This is the counter for how many sectors we have read without swapping
over to read from somewhere else. It ticks along until it triggers
the swapover limit (which I set higher, to 1024 instead of 128) and is
reset.  I moved the reset further down ...


+
+                PRINTK(KERN_INFO
+                  "raid1: disk %d latency %d abandoned after %d sectors\n",
+                  new_disk,
+                  conf->latency[new_disk],
+	          conf->sect_count);

 ... because I wanted to print the value at swapover.

+
+                if (conf->last_source < 0) {

This is a field I introduced in order to govern the swapover algorithm.
It records the (index of the) last device we have read from continuously
and deliberately, not the last device read from (for which a field
already exists), because sometimes we just are reading in order to test,
which is not to be counted as "deliberately". Perhaps "last_worked"
would be a better name. I want to distinguish between "working reads"
and "testing reads". Anyway, when the field is -1, it indicates "don't
know" and means that we should go and find the fastest device already
known and use it, setting the field to the device index we used.

Later, the next time we come to the swapover point, the field will be
nonnegative, which indicates that we should retest the devices in short
read bursts, and only later choose the fastest of them.

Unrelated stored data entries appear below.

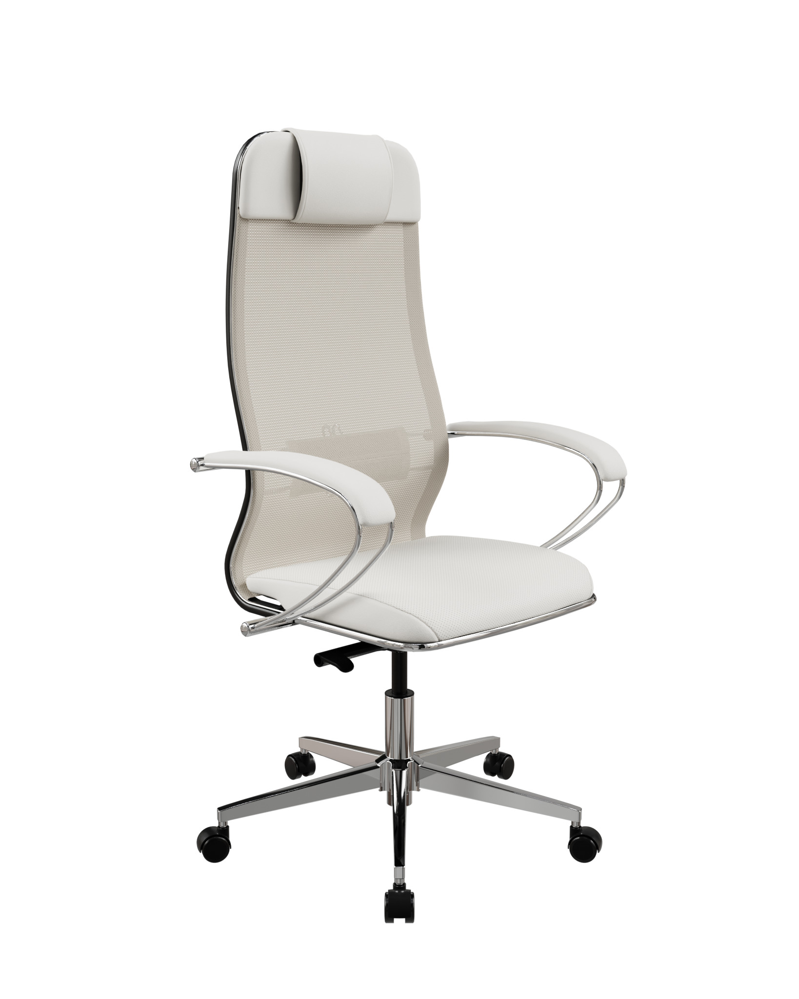 Спинка с мягким подголовником и регулируемой 2D поясничной поддержкой. Размер спинки: ширина 510 мм (L), высота 860 мм (1). Каркас спинки стальной с полимерным покрытием черного цвета, с хромированным молдингом. 2D поясничная поддержка регулируется по высоте и глубине. Подголовник комплектуется дополнительной вставкой, увеличивающей объем. Обивочный материал спинки: сетчатая ткань Х2, цвет молочный. Обивочный материал подголовника: экокожа Infinity Easy Clean, цвет молочный.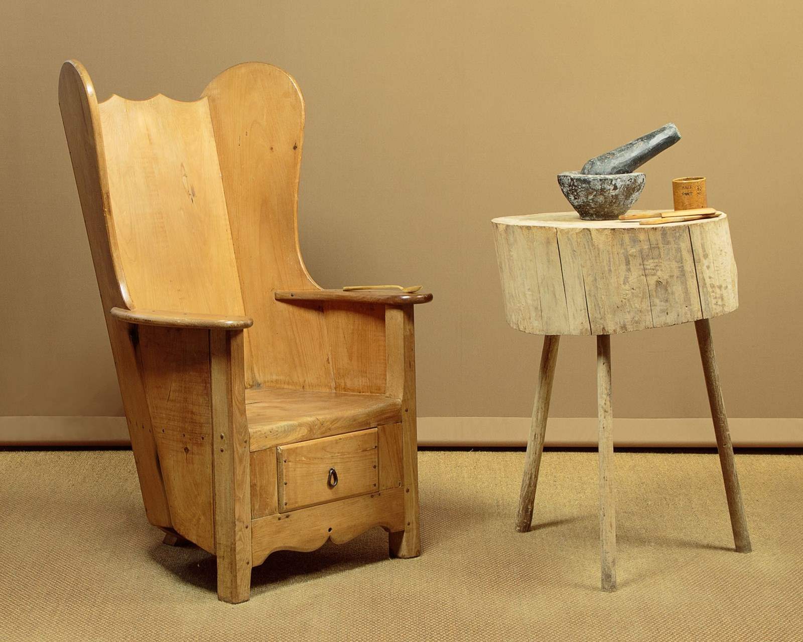 Primitive Elm Stick Leg Chopping Block Side Table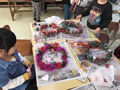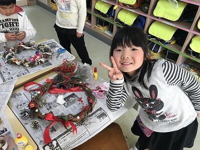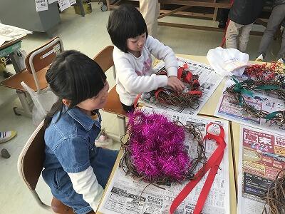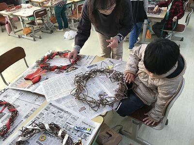 本日、1年生はイモのツルでつくったリース作りを行いました。工夫をしながら頑張ってつくっていました。素晴らしい作品ができました。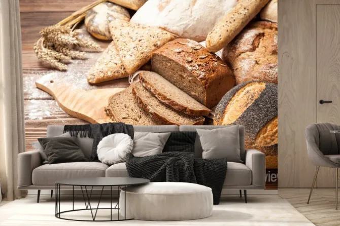 Fototapeta: Chleb asortyment na powierzchni drewnianych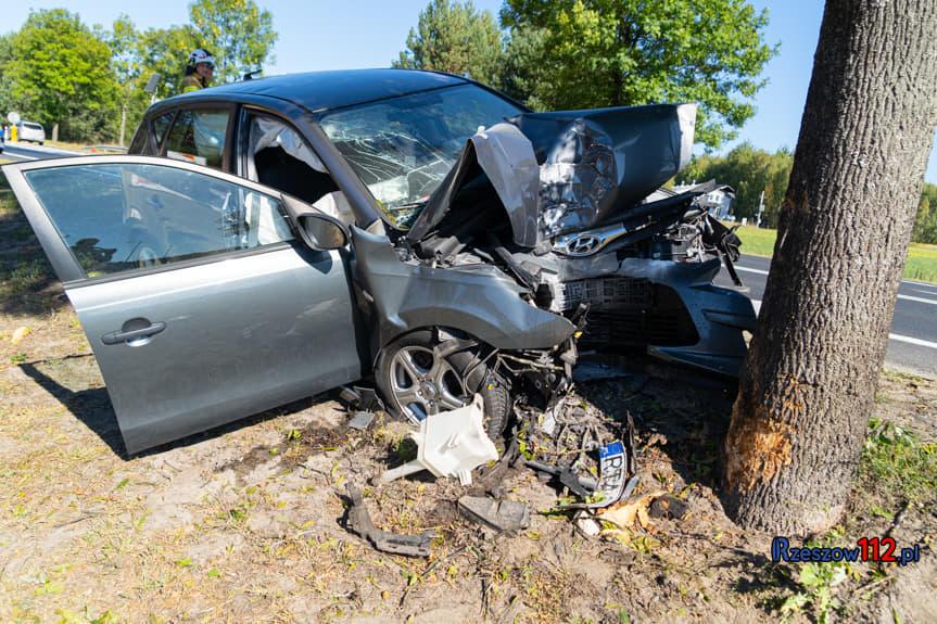 Wypadek w Widełce. Hyundai wbił się w drzewo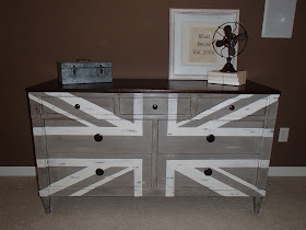 I used CeCe Caldwell's Seattle Mist and Simply White and sealed with Annie Sloan's clear wax.  The top was stripped and stained with dark walnut and the pulls were from another piece.  As much as I like the red, white, and blue Union Jacks I really love the ones done in more neutral colors.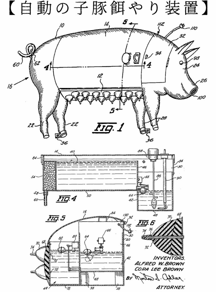 生まれたてのかわいい子豚たちにまるでお母さん豚が母乳をあげるような感じで液状の餌を与える装置。装置自体が母豚を模した形になっていて、子豚に安心感を与え、なるべく自然に餌を飲めるように配慮。さらに、タンク内の餌の温度管理を行ない、設定された時間になると電気によってバルブが制御され、餌やり用のタンクに自動で餌が流れ込む仕組み。母豚の実際の鳴き声まで餌の時間になると流れる、究極の自動子豚餌やり装置だ。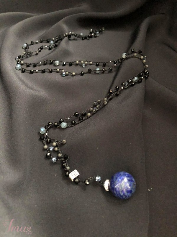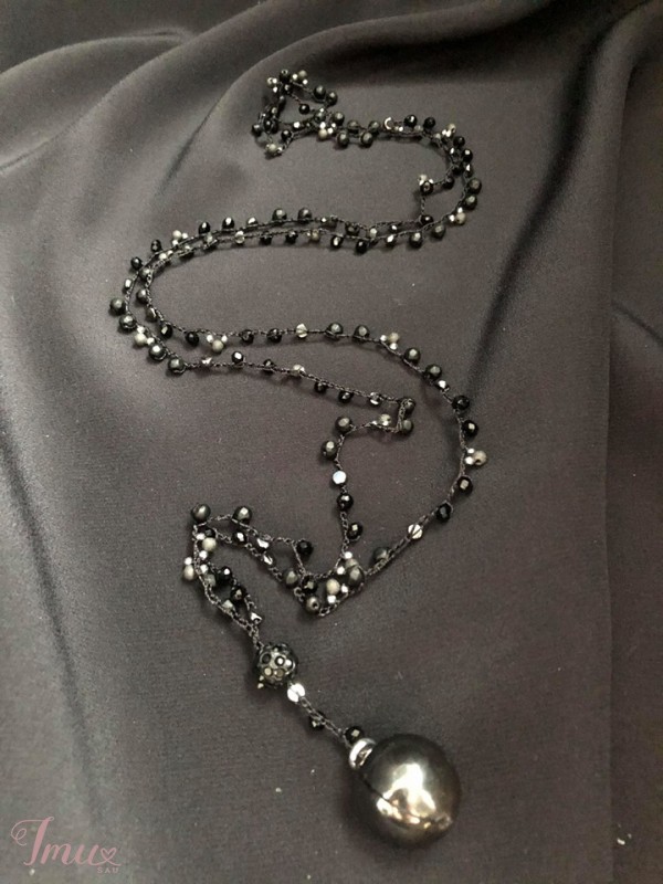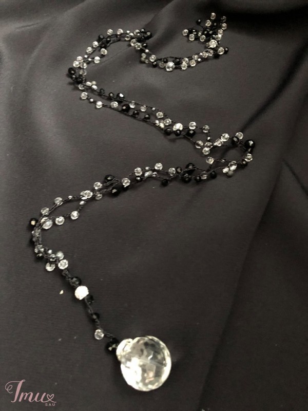 Papuošalas pagamintas iš šilkinio siūlo, stiklo karoliukų ir blizgių swarovsky detalių.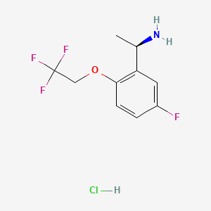 The mechanism of action of ®-1-(5-Fluoro-2-(2,2,2-trifluoroethoxy)phenyl)ethan-1-amine hydrochloride involves its interaction with specific molecular targets. The compound’s fluorinated groups enhance its lipophilicity, allowing it to cross cell membranes more easily and interact with intracellular targets. It may modulate the activity of enzymes or receptors involved in key biological pathways, leading to its observed effects.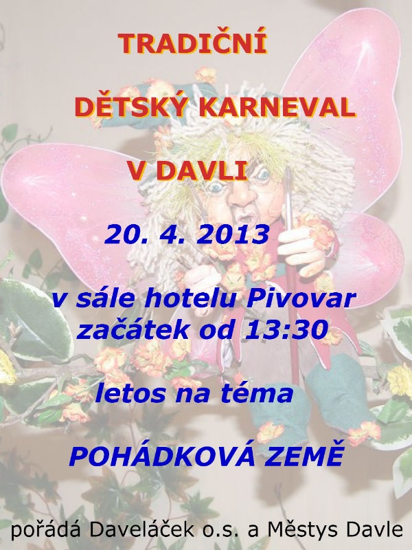 20.4. od 13:30 se v Davli v sále hotelu Pivovar koná tradiční Dětský karneval. Tentokrát na téma Pohádková země. Karneval budou provázet Naďa Konvalinková, Víťa Klimtová (pohádkový dům v Pičíně), Pavel Půta - potulný muzikant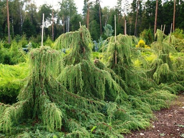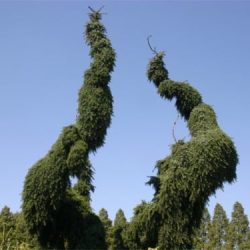 • Młode rośliny można prowadzić przy paliku, dzięki temu wykształcą pionowy przewodnik, egzemplarze rosnące swobodnie przyjmują zwykle formy bardziej szerokie i nieregularne.
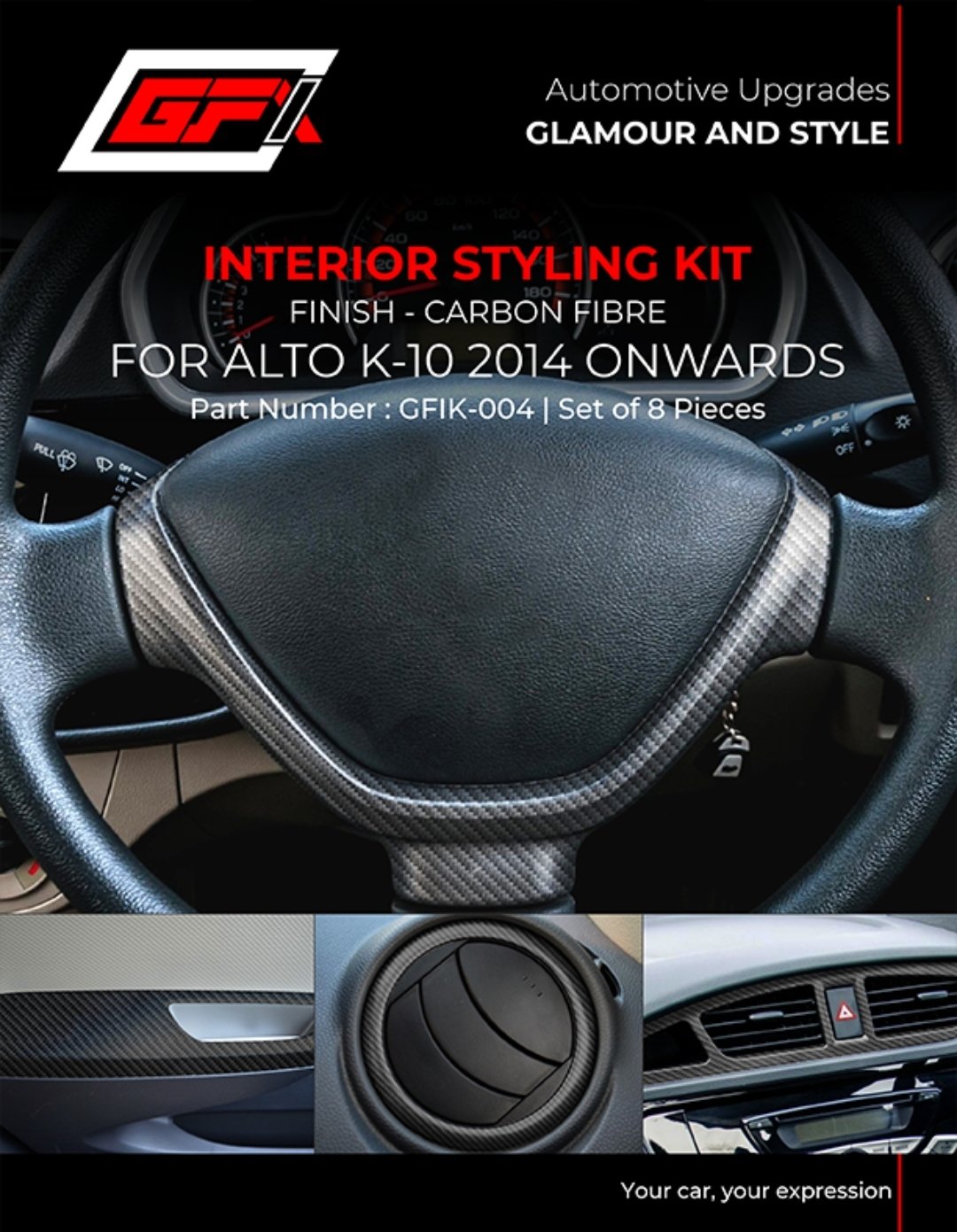 Are you looking to give your daily driver a massive aesthetic upgrade? Transform the cabin of your Maruti Suzuki Alto K-10 with the premium GFI Interior Styling Kit in a stunning Carbon Fibre finish. Designed specifically for the Alto K-10 (2014 models and onwards), this high-quality styling package adds an instant touch of glamour, sportiness, and personalized style to your vehicle’s interior.

+                    /* PTB find the fastest already known and use that */
+
+                        int fastest = -1;
+                        unsigned long best_latency = 0x7fffffff;
+                        int i;
+
+	                for (i = 0; i < conf->raid_disks; i++) {
+	                        if (conf->mirrors[i].write_only
+                                || !conf->mirrors[i].operational)
+                                        continue;
+                                if (conf->latency[i] <= best_latency) {
+                                    best_latency = conf->latency[i];
+                                    fastest = i;
+                                }
+                        }

That found the fastest known.  I guess this search now (infrequent) is
faster than updating the index as we update the rolling latency for each
device on completion of each r1_bh, but we could do it that way instead.
This way will scan two points on average, every 1024 sectors, so it
will be better than doing something else 512 times meanwhiles. I think.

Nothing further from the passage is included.